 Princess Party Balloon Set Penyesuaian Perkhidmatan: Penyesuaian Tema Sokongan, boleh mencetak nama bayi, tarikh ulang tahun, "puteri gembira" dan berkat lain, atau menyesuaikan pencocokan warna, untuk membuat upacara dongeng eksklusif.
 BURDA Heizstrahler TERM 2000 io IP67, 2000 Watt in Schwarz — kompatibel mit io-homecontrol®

○ ○ ○ ○ ○ ○ ○

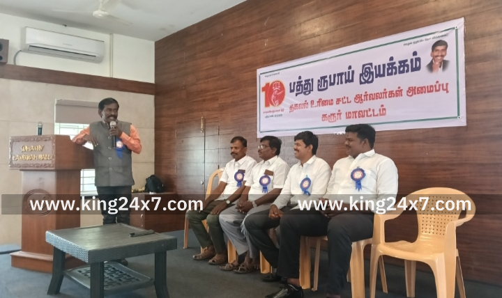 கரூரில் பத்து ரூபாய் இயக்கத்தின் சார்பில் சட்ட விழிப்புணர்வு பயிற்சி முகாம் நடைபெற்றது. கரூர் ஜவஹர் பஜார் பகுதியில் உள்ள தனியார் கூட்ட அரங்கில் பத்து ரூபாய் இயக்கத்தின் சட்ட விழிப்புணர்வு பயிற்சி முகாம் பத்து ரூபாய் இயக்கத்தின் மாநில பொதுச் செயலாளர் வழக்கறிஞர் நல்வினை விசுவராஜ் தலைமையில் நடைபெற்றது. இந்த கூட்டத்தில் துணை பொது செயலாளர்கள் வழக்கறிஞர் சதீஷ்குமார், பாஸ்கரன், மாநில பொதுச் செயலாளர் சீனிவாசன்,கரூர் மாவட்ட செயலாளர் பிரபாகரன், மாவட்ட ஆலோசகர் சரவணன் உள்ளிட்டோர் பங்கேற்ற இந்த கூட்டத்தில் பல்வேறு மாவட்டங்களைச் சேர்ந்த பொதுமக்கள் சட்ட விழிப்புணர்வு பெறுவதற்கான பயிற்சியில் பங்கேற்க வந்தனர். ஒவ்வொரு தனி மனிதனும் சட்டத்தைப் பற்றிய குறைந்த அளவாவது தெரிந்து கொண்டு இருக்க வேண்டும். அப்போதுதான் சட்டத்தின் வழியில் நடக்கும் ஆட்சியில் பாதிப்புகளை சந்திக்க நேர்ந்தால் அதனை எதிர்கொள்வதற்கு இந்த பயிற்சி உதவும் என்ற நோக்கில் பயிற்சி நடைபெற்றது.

○ ○ ○ ○ ○ ○ ○

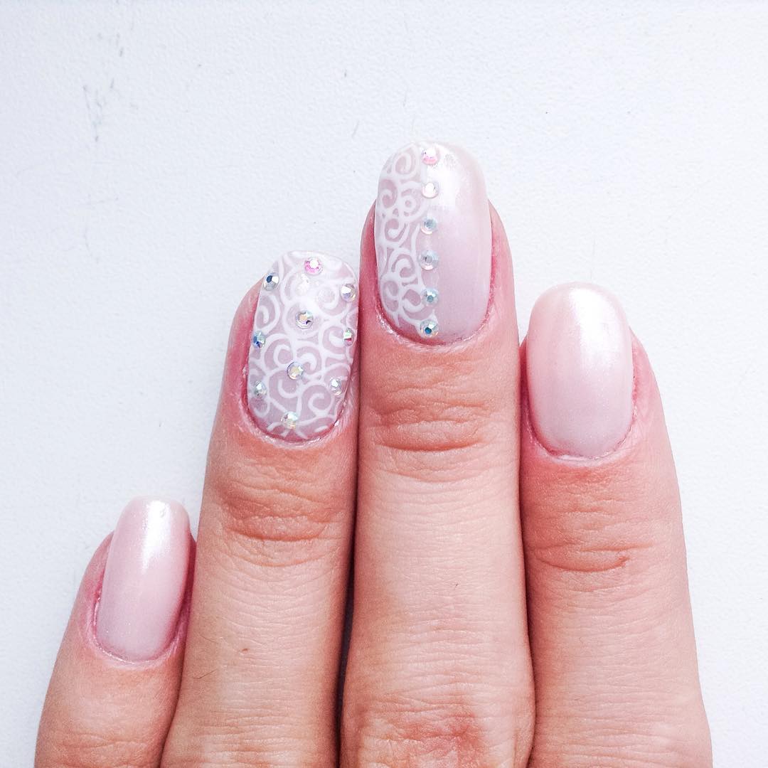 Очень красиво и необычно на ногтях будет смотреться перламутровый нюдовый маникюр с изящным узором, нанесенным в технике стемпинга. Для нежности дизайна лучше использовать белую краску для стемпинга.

○ ○ ○ ○ ○ ○ ○

Reproduce, character for character, only the lines of the preceding data that start at the line with "Princess Party Balloon" and end at the line with "BURDA Heizstrahler TERM", both included.

(Written answer)
 Princess Party Balloon Set Penyesuaian Perkhidmatan: Penyesuaian Tema Sokongan, boleh mencetak nama bayi, tarikh ulang tahun, "puteri gembira" dan berkat lain, atau menyesuaikan pencocokan warna, untuk membuat upacara dongeng eksklusif.
 BURDA Heizstrahler TERM 2000 io IP67, 2000 Watt in Schwarz — kompatibel mit io-homecontrol®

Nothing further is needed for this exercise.